What to work on >> Output all of the data exactly, keeping any images out of the copy.

Given material >>
*** Block opens ***

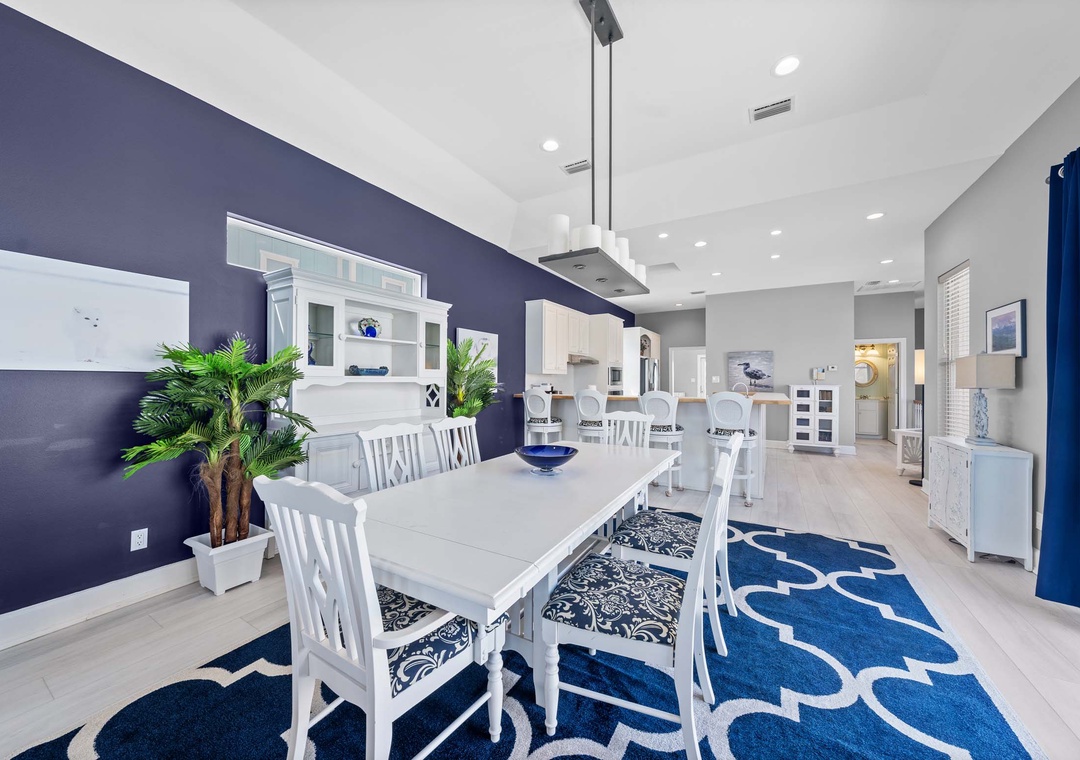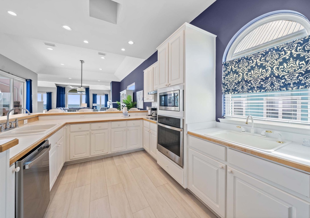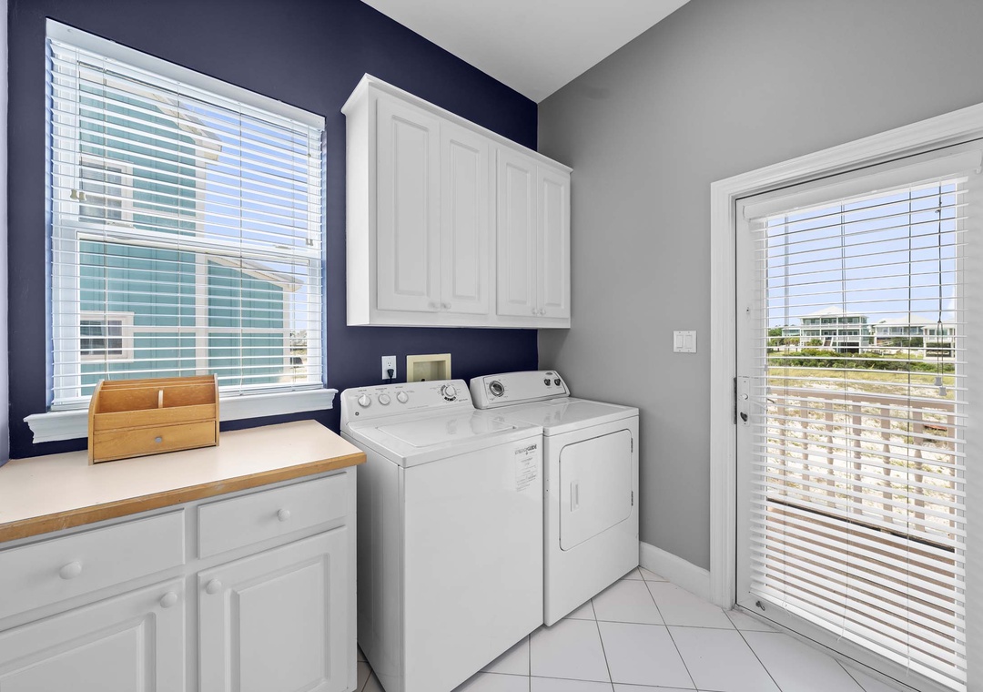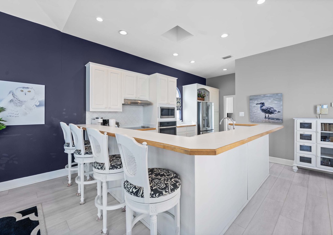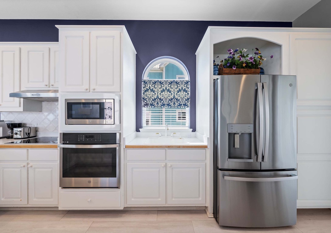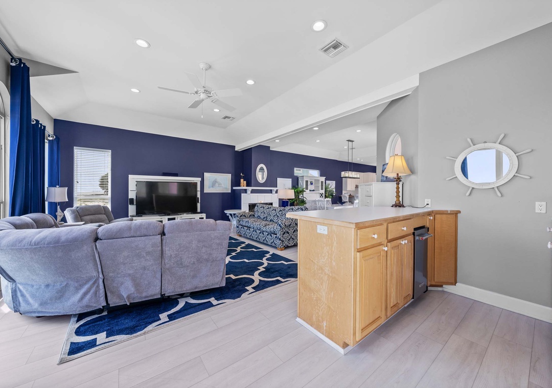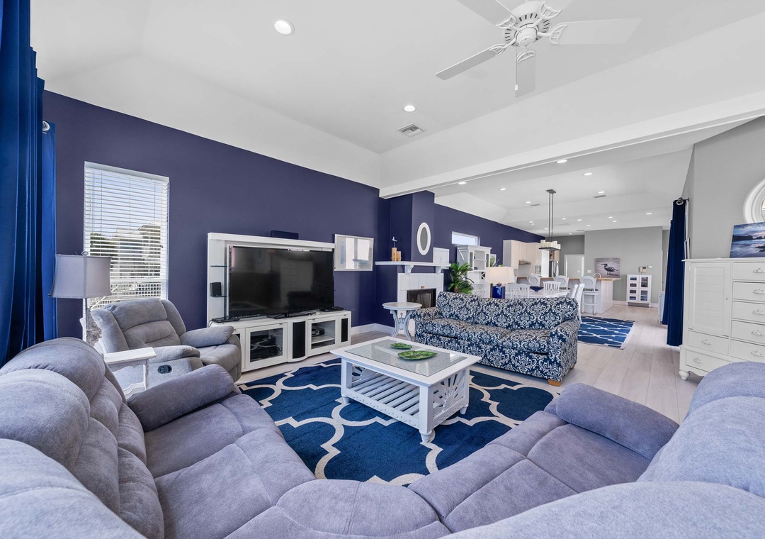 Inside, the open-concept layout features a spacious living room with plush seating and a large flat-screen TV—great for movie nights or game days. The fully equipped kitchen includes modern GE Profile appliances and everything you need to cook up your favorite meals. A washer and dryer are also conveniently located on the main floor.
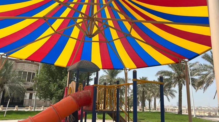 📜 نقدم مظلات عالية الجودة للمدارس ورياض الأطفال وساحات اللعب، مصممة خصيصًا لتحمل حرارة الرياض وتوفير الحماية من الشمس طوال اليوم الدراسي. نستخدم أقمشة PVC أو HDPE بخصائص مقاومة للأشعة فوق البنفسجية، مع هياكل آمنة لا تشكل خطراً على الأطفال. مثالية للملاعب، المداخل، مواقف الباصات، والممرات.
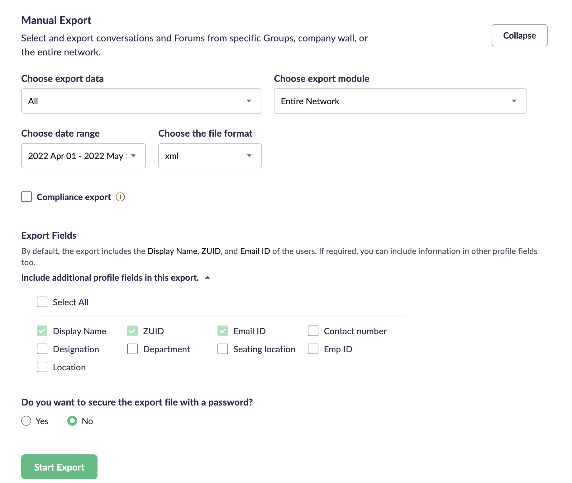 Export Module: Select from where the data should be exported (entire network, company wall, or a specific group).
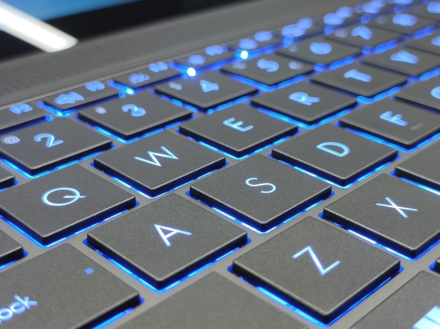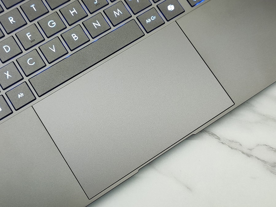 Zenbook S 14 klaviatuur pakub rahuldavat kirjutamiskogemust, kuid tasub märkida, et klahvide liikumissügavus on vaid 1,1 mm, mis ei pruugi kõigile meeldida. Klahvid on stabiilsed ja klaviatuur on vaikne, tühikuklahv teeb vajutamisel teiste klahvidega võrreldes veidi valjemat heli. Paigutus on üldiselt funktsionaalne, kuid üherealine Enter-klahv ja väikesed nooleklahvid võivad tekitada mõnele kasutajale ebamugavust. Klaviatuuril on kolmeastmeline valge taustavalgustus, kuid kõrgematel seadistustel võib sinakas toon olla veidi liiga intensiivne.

*** Block closes ***

Exercise answer >>
 Inside, the open-concept layout features a spacious living room with plush seating and a large flat-screen TV—great for movie nights or game days. The fully equipped kitchen includes modern GE Profile appliances and everything you need to cook up your favorite meals. A washer and dryer are also conveniently located on the main floor.
 📜 نقدم مظلات عالية الجودة للمدارس ورياض الأطفال وساحات اللعب، مصممة خصيصًا لتحمل حرارة الرياض وتوفير الحماية من الشمس طوال اليوم الدراسي. نستخدم أقمشة PVC أو HDPE بخصائص مقاومة للأشعة فوق البنفسجية، مع هياكل آمنة لا تشكل خطراً على الأطفال. مثالية للملاعب، المداخل، مواقف الباصات، والممرات.
 Export Module: Select from where the data should be exported (entire network, company wall, or a specific group).
 Zenbook S 14 klaviatuur pakub rahuldavat kirjutamiskogemust, kuid tasub märkida, et klahvide liikumissügavus on vaid 1,1 mm, mis ei pruugi kõigile meeldida. Klahvid on stabiilsed ja klaviatuur on vaikne, tühikuklahv teeb vajutamisel teiste klahvidega võrreldes veidi valjemat heli. Paigutus on üldiselt funktsionaalne, kuid üherealine Enter-klahv ja väikesed nooleklahvid võivad tekitada mõnele kasutajale ebamugavust. Klaviatuuril on kolmeastmeline valge taustavalgustus, kuid kõrgematel seadistustel võib sinakas toon olla veidi liiga intensiivne.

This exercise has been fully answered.